On first glance, Kaye’s paintings appear altogether cheery and cartoon-like. This is a testament to how they instrumentalize his mode of critique. It is only when we examine the tucked figures of symbology closely that we begin to unveil Kaye’s figuring as two opposed poles: one being the narrative of a young soldier who is told to be fighting for their country’s national security whilst guarding the meek; the other being the experience of the enlisted—a brute, alienating, autonomizing reality of violence that dovetails with the State Department’s financial interests. This is, of course, why so many veterans and organizations like “About Face” speak critically of the military and its surreptitious devices. 

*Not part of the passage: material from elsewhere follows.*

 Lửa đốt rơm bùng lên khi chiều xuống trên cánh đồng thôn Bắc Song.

Kaye’s work has a number of stylistic compatriots. For instance, Javier Calleja’s loose-eyed figures of bulbous children may come to mind. But Kaye’s paintings unravel critique unique to his blue, wary soul. Calleja’s use of children may figure the uncanny, but the uncanny for Calleja serves as an end in itself. In Kaye’s case, children donning pilot helmets, index the age when many are conscripted or choose to join the military in hopes of attending university or achieving financial independence. This is particularly common in the United States amongst lower and lower-middle class families who cannot afford to pay their children’s college tuition. 

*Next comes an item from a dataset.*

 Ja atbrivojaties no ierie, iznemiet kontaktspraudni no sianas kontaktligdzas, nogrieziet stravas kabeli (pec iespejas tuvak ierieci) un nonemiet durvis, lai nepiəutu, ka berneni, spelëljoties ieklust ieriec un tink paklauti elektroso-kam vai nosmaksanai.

Kaye paints with a kind of cartoonish mastery—one cultivated from years of ardent comic readership, his style being that of Tintin-meets-Pop Art. The cartoonish face of his child soldiers is racking, but such racking is the business of the assiduous artist. That Kaye achieves his critique with an inviting style, accessible to all, is a testament to his dexterity. Kaye is an emerging artist who has nevertheless already exhibited widely, with his work quickly garnering attention from international galleries and collectors, alike. His most recent solo exhibitions include Nych gallery in Chicago and Gallery ovo in Taipei. I am curious to see how Kaye furthers his mode of critique in his forthcoming work.